I went back and forth on this. And started with what you are saying 
above. But then I wanted RTA_ENCAP netlink policy to be declared by 
individual lwtunnel drivers.
And to determine which RTA_ENCAP netlink policy to pick, you need to 
know the RTA_ENCAP policy type (or lwtunnel type)
which is encoded in RTA_ENCAP_TYPE. And I did not want to introduce 
another level of nest in RTA_ENCAP (because for nexthops we are already 
2 levels deep when parsing RTA_ENCAP).

Hence, fib code first looks for RTA_ENCAP and if RTA_ENCAP is specified, 
RTA_ENCAP_TYPE is a required attribute. My iproute2 patches handles this 
and makes sure
there is an  RTA_ENCAP_TYPE specified with RTA_ENCAP.

thanks,
Roopa


--
To unsubscribe from this list: send the line "unsubscribe netdev" in
Robert Shearman June 19, 2015, 5:17 p.m. UTC | #7 
On 19/06/15 16:28, roopa wrote:
> On 6/19/15, 8:19 AM, Robert Shearman wrote:
>> On 19/06/15 05:49, Roopa Prabhu wrote:
>>> From: Roopa Prabhu <roopa@cumulusnetworks.com>
>>>
>>> Introduces two netlink attributes RTA_ENCAP_TYPE and
>>> RTA_ENCAP to support attaching encap information to ipv4 routes.
>>
>> Surely RTA_ENCAP_TYPE should be part of RTA_ENCAP, since the type
>> doesn't make sense without the data and vice versa?
> I went back and forth on this. And started with what you are saying
> above.
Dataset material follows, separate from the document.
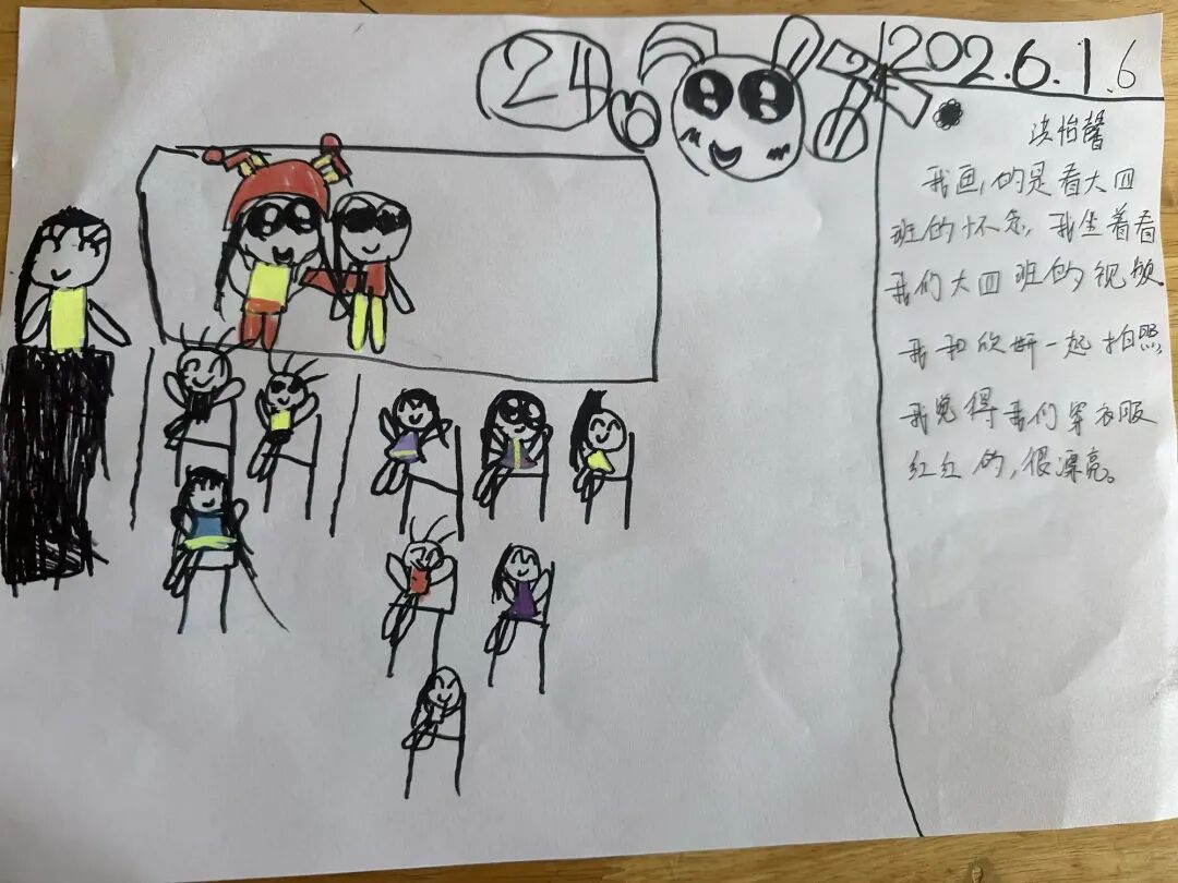 在杏杏老师的引领下,孩子们看得津津有味,不时指着屏幕中的自己或同伴兴奋地分享:“那是我!”“我们在搭城堡!”现场洋溢着认同与自豪的氛围。老师们也适时引导幼儿回顾活动中的感受与收获,鼓励他们用语言表达一学期来的成长体验,真正做到“乐享成果”。

But then I wanted RTA_ENCAP netlink policy to be declared by
> individual lwtunnel drivers.
> And to determine which RTA_ENCAP netlink policy to pick, you need to
> know the RTA_ENCAP policy type (or lwtunnel type)
> which is encoded in RTA_ENCAP_TYPE. And I did not want to introduce
> another level of nest in RTA_ENCAP (because for nexthops we are already
> 2 levels deep when parsing RTA_ENCAP).

No need for that - use the example of how RTA_MULTIPATH is used for 
ipv4/ipv6:

+----------------------+
| RTA_MULTIPATH        |
+----------------------+
| +------------------+ |
| | struct rtnexthop | |
| +------------------+ |
| | RTA_GATEWAY, etc.| |
| +------------------+ |
+----------------------+

You could do similar for RTA_ENCAP where the type is stored in the data 
prior to the nested attributes starting. E.g.:

+----------------------+
| RTA_ENCAP            |
+----------------------+
| +------------------+ |
| | struct rtencap   | |
| +------------------+ |
| | MPLS_IPTUNNEL_DST| |
| +------------------+ |
+----------------------+

struct rtencap {
	__u16 rte_type;
};

>
> Hence, fib code first looks for RTA_ENCAP and if RTA_ENCAP is specified,
> RTA_ENCAP_TYPE is a required attribute. My iproute2 patches handles this
> and makes sure
> there is an  RTA_ENCAP_TYPE specified with RTA_ENCAP.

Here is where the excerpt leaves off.